Ce n’est bien sûr pas un acte volontaire, ni une volonté assumée, plutôt une conséquence inattendue du surinvestissement dans les dogmes du management scientifique qui semblaient fonctionner au départ….Au départ… Car nous touchons là au drame de la modernité liquide telle que la décrit Zygmunt Bauman  : 

La modernité n’a pas rendu les gens plus cruels. Elle a seulement inventé une façon par laquelle des choses cruelles pouvaient être réalisées par des personnes non cruelles”

Zygmunt Bauman

Les talents atrophiés

Côté talents, que sacrifie t-on dans ce pacte Faustien ? L’autonomie, la créativité, l’imagination, le plaisir au travail. Autant de moteurs essentiels du sens et du relief d’une vie de travail. Autant d’attributs humains qui nous préservent de la vie mécanique. Et c’est la raison même de la fuite des meilleurs talents issus des meilleures écoles vers l’artisanat ou les startups.

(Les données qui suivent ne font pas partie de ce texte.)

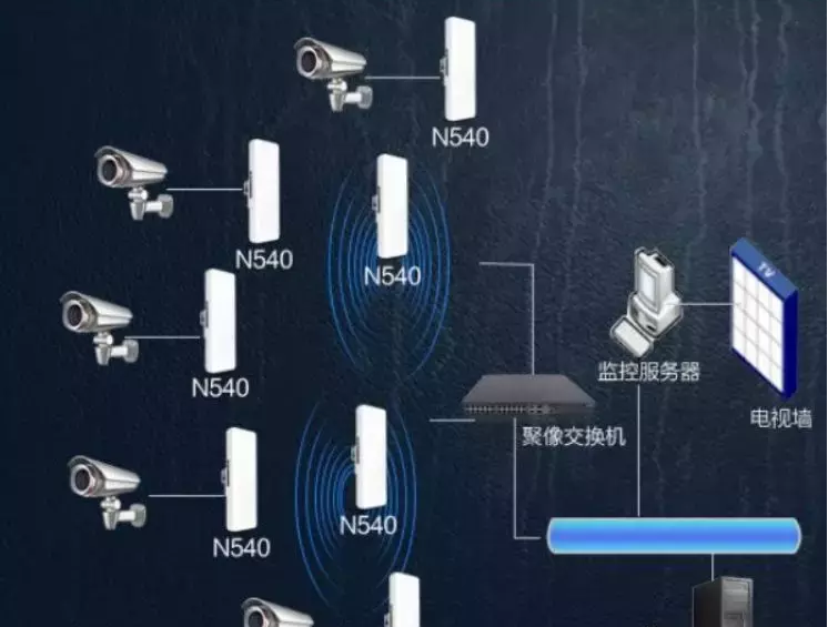 网桥设置方案解析:假设两个网桥为A和B,如图标识,A通过网线连接监控室中心,B通过网线连接到摄像头。(注:B点如果摄像头较多则需加装交换机)
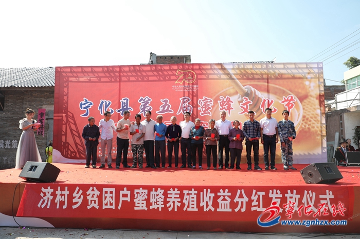 在三村黨支部的引領下,施河林為周邊村民提供引進新品種、蜂藥、蜂具、蜂食、蜂產品購銷等服務,開展養(yǎng)殖技術培訓、交流和咨詢等,不斷推行“互聯網+私人定制”模式,讓濟村的蜂蜜向個性化發(fā)展。通過發(fā)展養(yǎng)蜂產業(yè),會員獲得分紅或勞務收入,人均增收3000多元。2015年以來,施河林連續(xù)籌辦五屆蜜蜂文化節(jié),帶動養(yǎng)蜂產業(yè)的發(fā)展。2019年10月,三村如期舉辦第五屆蜂蜜文化節(jié)暨電商扶貧助農簽約儀式,10名參與蜂群代養(yǎng)的農戶喜獲合作社收益分紅,6家電商企業(yè)與東華山養(yǎng)蜂專業(yè)合作社簽約,就建檔立卡貧困戶的蜂產品及其它農特產品的銷售達成合作協議。
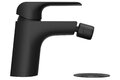 Bidetová stojánková baterie Flat, s odtokovou soupravou Click-Clack. V černém provedení.- výška baterie: 121 mm
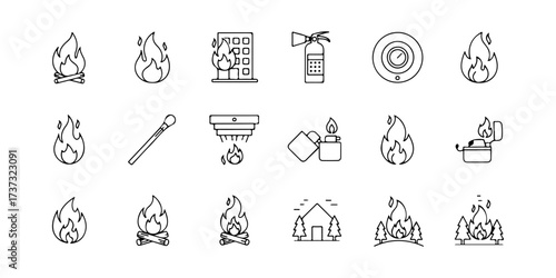 Set of Shield with fire icon. Protection from fire or fire protection or protect from heat icon. Vector Illustration.
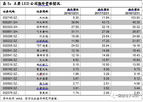 LED下游海外营收占比大,LED上游海外占比相对较小
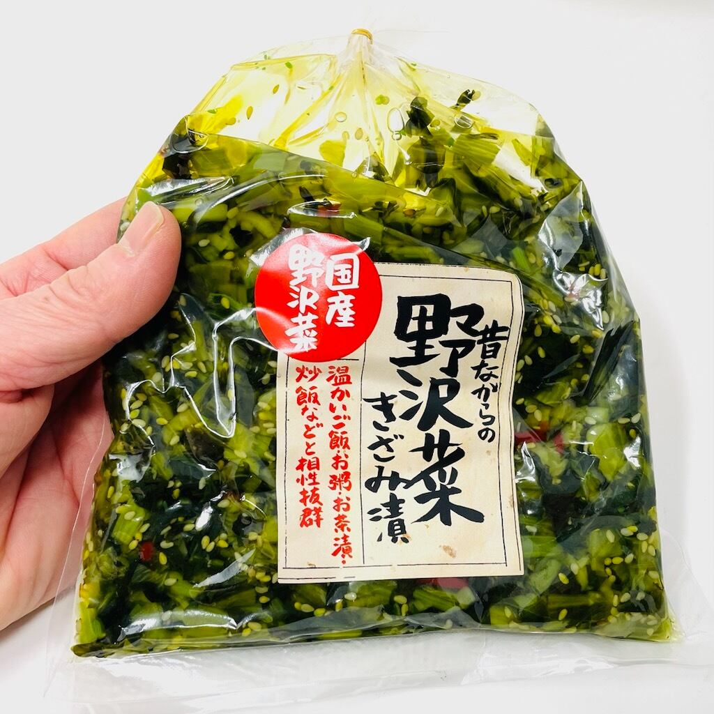 原材料名:野沢菜(国産)、大根(国産)、ごま、唐辛子、漬け原材料[アミノ酸液、醸造酢、食塩、砂糖、しょうゆ、かつおエキス]/調味料(アミノ酸等)、甘味料(ステビア)、酸味料、保存料(ソルビン酸K)、着色料、(一部に小麦、大豆を含む)

La rareté ne s’accommode jamais d’être “standard”.

Aucun homme n’aspire à être une machine, même si il y est grossièrement attaché par une chaîne dorée.

Les RH éclairés devraient méditer cette éternelle leçon de Marcel Aymé :  “l’homme qui possède des dons brillants ne peut se satisfaire longtemps de les exercer sur un objet médiocre.” Le futur des talents implique donc une inversion. Il consiste à se poser une question fertile mais vertigineuse : Comment rendre les jobs, les parcours, irremplaçables ?

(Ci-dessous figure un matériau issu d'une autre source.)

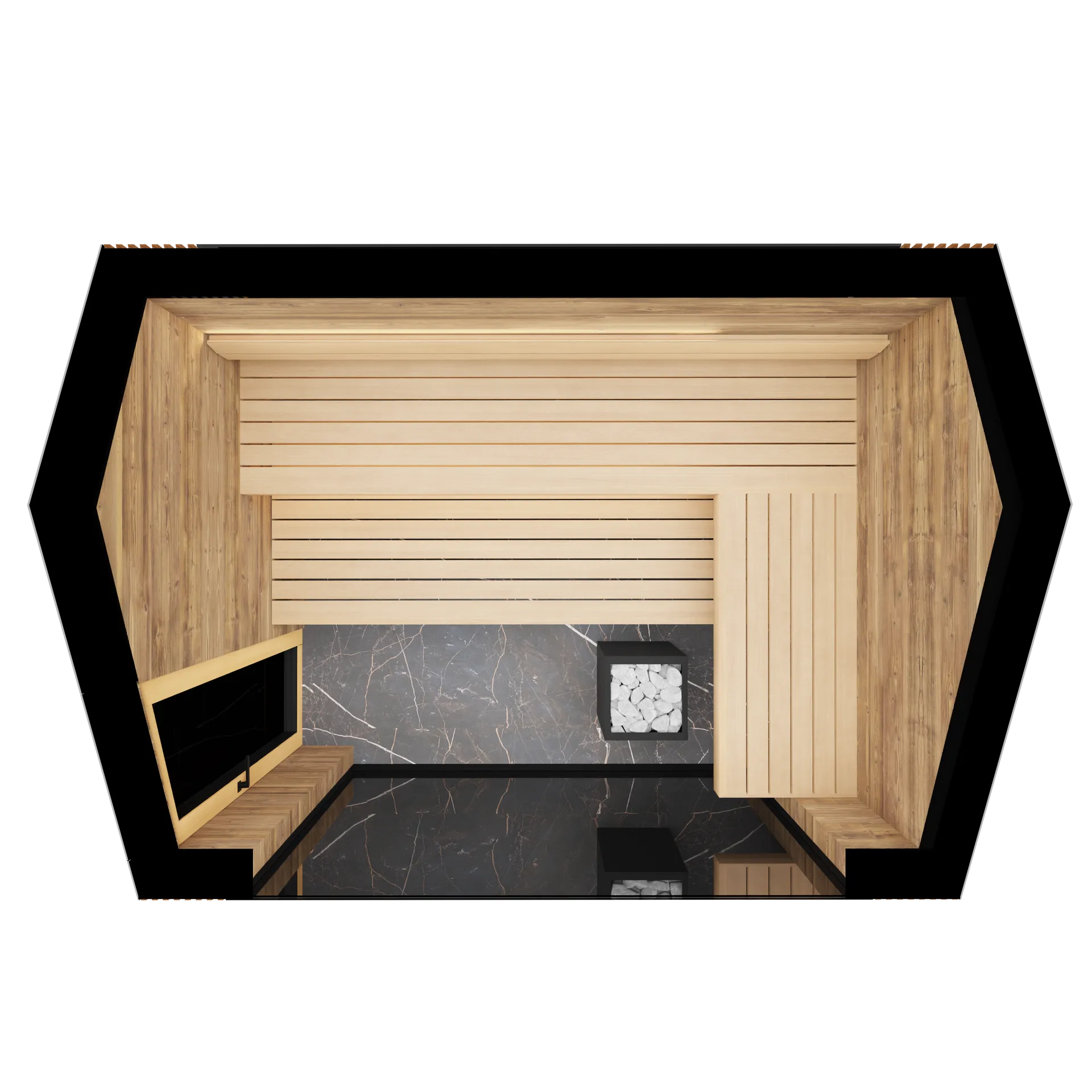 L’intérieur du sauna extérieur est conçu en bois thermo-traité (Aspen et Tyrol), assurant une résistance à la chaleur et à l’humidité, avec des bancs ergonomiques et un sol carrelé pour un entretien facilité. Le chauffage est assuré par un poêle sauna de 12 kW, permettant une montée en température rapide et homogène.
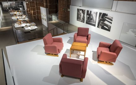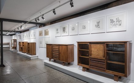 Ekspozycja ukazuje szerokie spectrum jego działalności, na którą składają się prototypy i projekty mebli, dekoracje i projekty wnętrz, projekty tkanin, rysunki i grafiki.
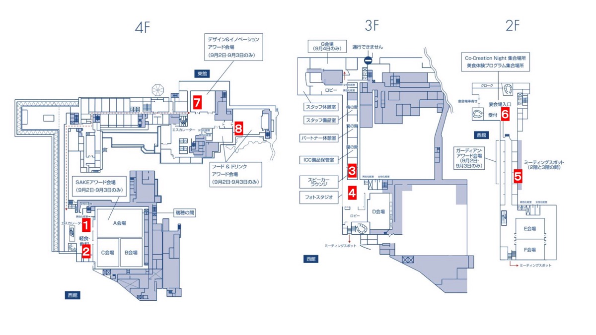 ガーディアン・アワードに続いて、ツアーポイント⑥として、2階の受付デスク、美食、Co-Creation Nightの集合場所を確認したあと、歩行距離が長い京都会場ではぜひ次回も利用いただきたい、知る人ぞ知るエレベーターに乗って、再び4階まで移動した。
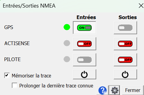 Dans les versions précédentes, 2 boutons indépendants étaient utilisés pour démarrer les entrées et sorties Nmea, sans pouvoir différencier les instruments. A partir de la version 25.0, un seul bouton
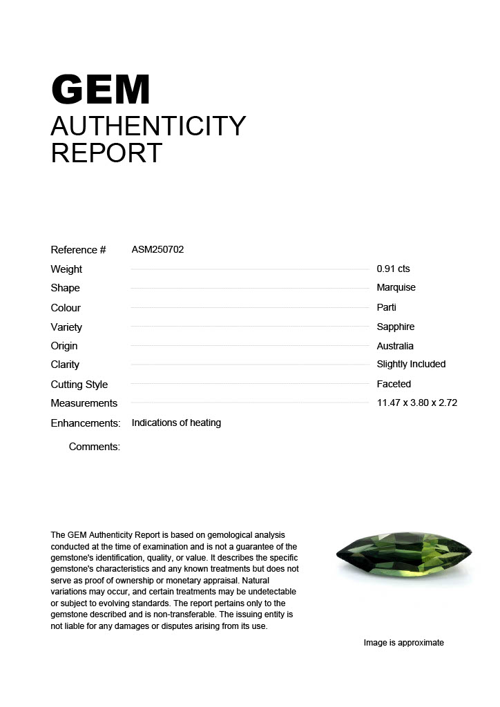 0.91ct Parti Marquise Australia SapphireCarat: 0.91 ctType: SapphireCut: MarquiseColour: PartiOrigin: AustraliaComment: Heated11.47 x 3.80 x 2.72 mm
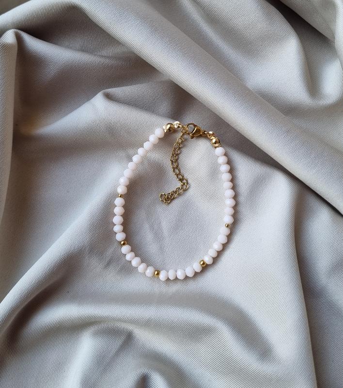Браслет выполнен из хрустальных бусин. Все металлические элементы из нержавеющей стали. Длина - 16 см + 5 см застежка удлинитель
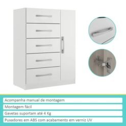 Cômoda 5 Gavetas com Sapateira Corais CO 1523 Branco – RODIAL MÓVEIS

Le chiffre a t-il fini par tuer le sens ? L’un des spécialistes reconnu du management, Josh Bersin, sonnait l’alarme il n’y a pas si longtemps : « une trop grande importance accordée aux mesures peut entraîner une baisse de la productivité. »

Je lisais récemment le livre du Psychiatre Alain Gérard, le malheur inutile qui expliquait comment un management inhumain à base de chiffres décorrélés du réel avait anéanti, chez plusieurs de ses patients, le sens au travail.

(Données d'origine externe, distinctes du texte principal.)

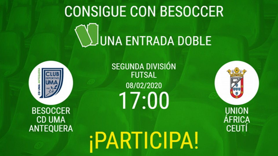 Gracias a BeSoccer podrás acceder al sorteo de una entrada doble para un encuentro del BeSoccer CD UMA Antequera. En este caso, para el BeSoccer CD UMA Antequera-Unión África Ceutí, que se disputará el próximo 8 de febrero de 2020, a partir de las 17:00 horas. ¡Entra en la 'app' de 'BeSoccer' y participa! ¿Qué cómo se hace?
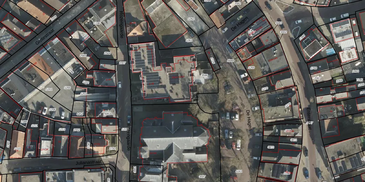 Het perceel waarop Rozengaarde 49 staat heeft een oppervlakte van 1386 m². Dit is een zeer groot perceel. De perceeloppervlakte wordt geregistreerd door het Kadaster. Gedetailleerde informatie over de maten van dit perceel kunt u vinden in het rapport Kadastrale kaart met maatvoering van Rozengaarde 49.
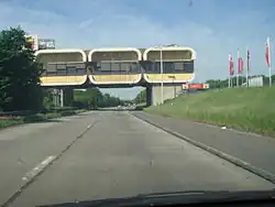 In Germany, there are two MSAs built as bridge restaurants. The first opened in 1967 at the Rudolphstein/Hirschberg crossing of the inner German border along the Berlin Munich transit route. Visitors had a view of the iron curtain from the restaurant. The second was built at the Dammer Berge MSA over the A 1 at Holdorf in 1969. Building bridge restaurants in Germany was more expensive than two restaurants at both roadsides. Because of the length of the bridges, many facilities, such as toilets, kitchens, and storage rooms had to be built twice on a bridge, so it turned out that it was too expensive to build further bridge restaurants over the Autobahn.[5] In Belgium the concept is widespread and still applied for new MSAs. At the beginning of the 1970s, Jacques Borel introduced the bridge restaurant to France, and Mövenpick followed soon in Switzerland. The Netherlands followed in 1980 with Rick's, situated at Den Ruygen Hoek MSA near Schiphol. Scandinavia got its first bridge restaurant in the mid-1980s.
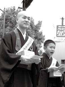 東京の浅草駅周辺で三月二十四日、東日本大震災義捐金托鉢募金が行われた。同青年会の会員のほか、寺族、OB会員に加え、落語家・古今亭菊千代さん、ちよりんさんも参加し、二十四人が街頭に立った。
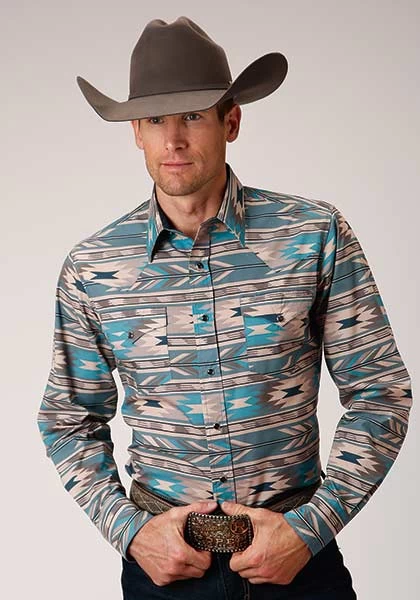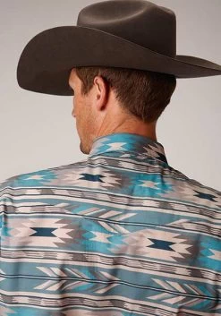 Men’s Long Sleeve Horizontal Aztec Print Western Shirt
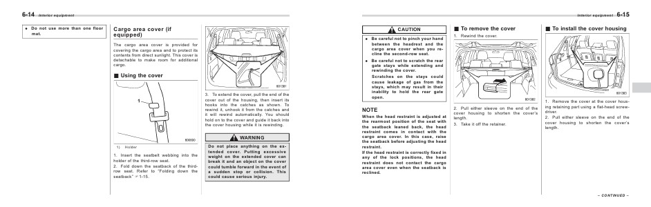 6-14 Interior equipment . Do not use more than one floor mat. Cargo area cover (if equipped) The cargo area cover is provided for covering the cargo area and to protect its contents from direct sunlight. This cover is detachable to make room for additional cargo. & Using the cover 3. To extend the cover, pull the end of the cover out of the housing, then insert its hooks into the catches as shown. To rewind it, unhook it from the catches and it will rewind automatically. You should hold on to the cover and guide it back into the cover housing while it is rewinding. WARNING 1) Holder 1. Insert the seatbelt webbing into the holder of the third-row seat. 2. Fold down the seatback of the thirdrow seat. Refer to “Folding down the seatback” F1-15. Do not place anything on the extended cover. Putting excessive weight on the extended cover can break it and an object on the cover could tumble forward in the event of a sudden stop or collision. This could cause serious injury.

Dans son livre, il raconte une anecdote marquante. Celle d’une infirmière hyper consciencieuse qui expliquait à sa supérieure “cadre de soin” référente  -on appréciera la poésie- qu’elle ne pouvait plus s’occuper des patients qui sonnaient en permanence dans les chambres à cause de la charge administrative du reporting. Elle s’était vue rétorquer qu’elle n’avait qu’à “porter des boules quies dans les couloirs”. Ambiance…

Cette anecdote est un triste reflet de la réalité dans nombre d’institutions et d’entreprises. Un regard lourd et sans appel sur tous ces lieux de survie qui ont sacrifié l’homme sur l’autel de la rentabilité hyperfinanciarisée et des process sans âme.

L’intuition de la Philosophe Simone Weil au siècle dernier était que l’industrialisation croissante finirait par créer un vide dans les esprits, un esclavage de l’âme qu’elle appelait pudiquement l’affliction. Cette interchangeabilité propulsée par les process d’un-monde-qui-scale s’est désormais étendue aux cols blancs. 

En matière de sens au travail, elle révèle une vérité profonde et difficile : “il n’y a pas de vie juste dans un monde faux.”